Passing through a gallery-like hall near the entrance, she covertly observed a display of antiquarian books under glass. Beside that was an etched plate that said “The Lionel Salt Library will be open to all gloamists, and cultivate a space where arcane knowledge can be shared.” The taxidermied animal heads Charlie remembered looked down from where they hung, their shining glass eyes, polished antlers, and sharp horns catching the light.
Usually collections like Salt’s were hoarded, so the idea of getting a look must have gotten the glooms, especially the younger ones, salivating.
As a thief of magical secrets, Charlie was not unlike a bee, pollinating many flowers. Once gloamists digested an old book, copying down the experiments or techniques they thought might be useful into their own notes, the only reason they hung onto the original copy was to guarantee that what they learned stayed exclusive to them. Charlie had once failed to steal a volume from a guy, because when she arrived, she discovered that he burned every single book he’d acquired as soon as he copied down the parts in which he was interested. She still got angry sometimes, thinking about him.
If Salt wanted to found a library, that would make him very popular. It showed a willingness to share his secrets. A generosity of spirit.
Or that his secrets were so much greater and more terrible that he could afford to have a collection like this mean nothing to him. Either way, he ought to have no problem convincing the local gloamists that his elevation to the Cabal had been long overdue. His influence would grow, and so would the horror that followed in his wake.
Charlie’s gaze went to her own shadow, then away.
At the end of the hall hung an oil painting of a dark-haired woman, lying on a couch, wearing a diamond-encrusted crown. Her dress was parted, showing her naked body from the waist down. And suspended over her by straps was a stallion. Charlie frowned at it, then glanced around. It was far from the only piece of disturbing art. A painting of a Roman king being devoured by his horses hung by a door. Beneath a sconce, she spotted a sketch of a decomposing fawn.
As though Salt’s house needed to be creepier.
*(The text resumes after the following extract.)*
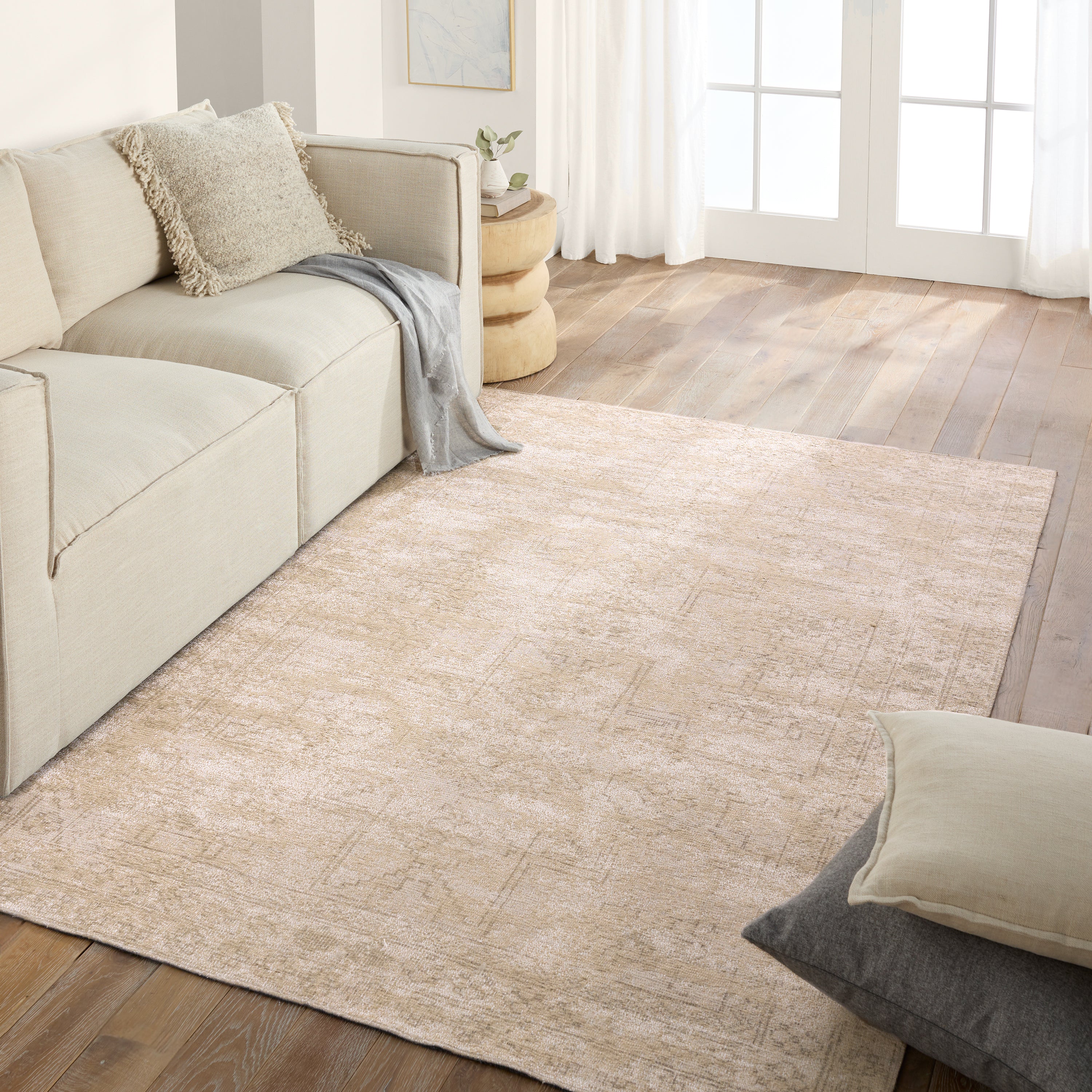 The innovative Edage rug collection showcases distressed, vintage designs, digitally printed onto a jute and polyester base. This process provides effortless texture and natural appeal through the jute weave, while maintaining an elevated feel through updated traditional patterns. The Tegona design showcases a dual center medallion pattern with geometric detailing in hues of tan and cream. This rug best suits medium to low traffic spaces of the home such as formal dining areas, bedrooms, formal dining areas, and sitting rooms.
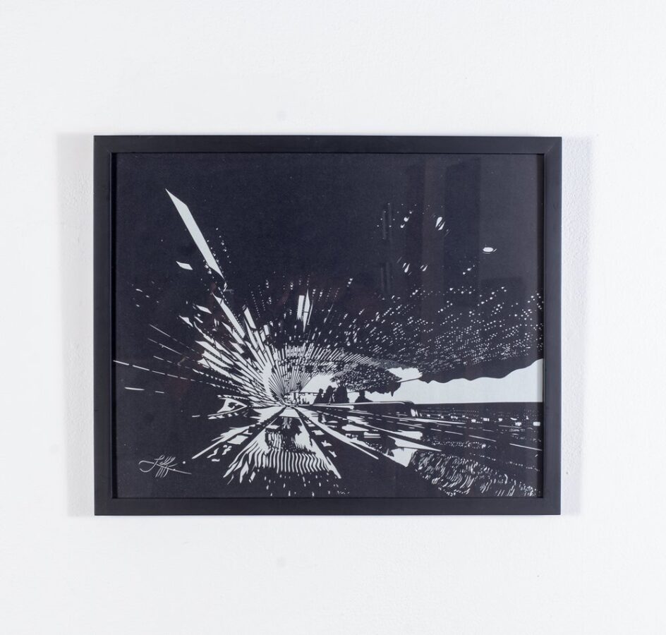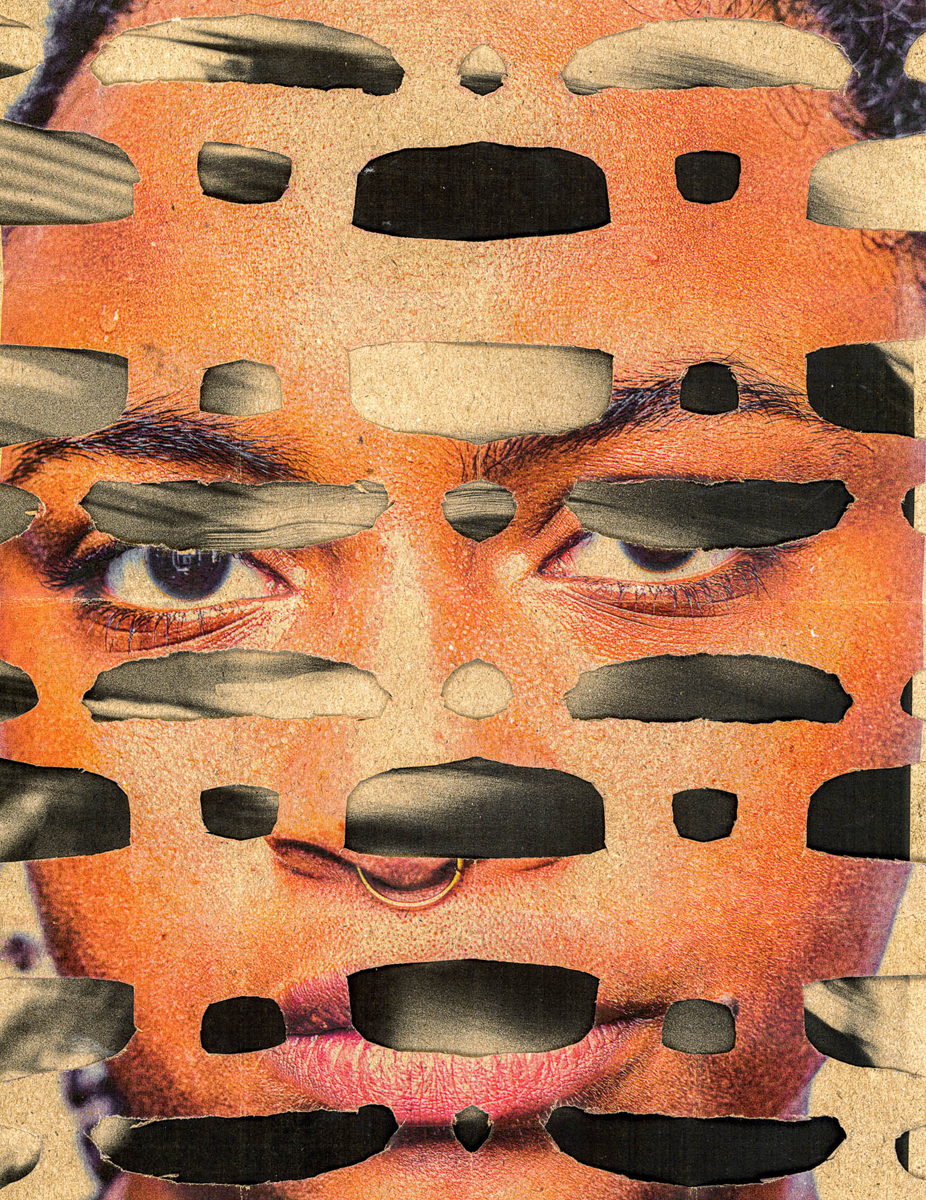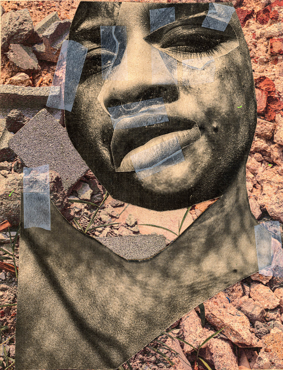 “Portrait(s) Contact #87” is a collage of black and white photo cutouts of the artist’s facial features on a brick background. Her features are enlarged and tilted, inciting an uncanny feeling when we almost don’t recognize Marimutu as the subject. The piece is reminiscent of those moments when we stare so long at a picture of ourselves that our own faces become unrecognizable, pointing out how an eyebrow sits higher than the other or how our smile is crooked until all of our features seem distorted and foreign.

Charlie walked by massive and magnificent stairs carved in the shapes of lions, through an arch into a sitting room. There, two bartenders poured drinks from behind a wooden bar topped in pewter. A small knot of people waited for their drinks. Gangsters stood shoulder to shoulder with academics, performers chatted with mystics. Gloaming was a new science, and its practitioners as hungry as the shadows that fluttered behind them in the shapes of capes, or wrapped around their bodies like snakes. Others drifted a bit behind their wearer, leashed by a single silver cord, moving to peer out the window, or fetch a drink.
One shadow even drifted up to her tray, plucking an endive off of it before she could pause. Startled into stopping, she swallowed a curse as she almost dropped the food.
She heard a bark of laughter from across the room.
A prank. It reminded her that no matter how tense she was, and no matter how terrible her suspicions were, to most of the glooms present, this was a party.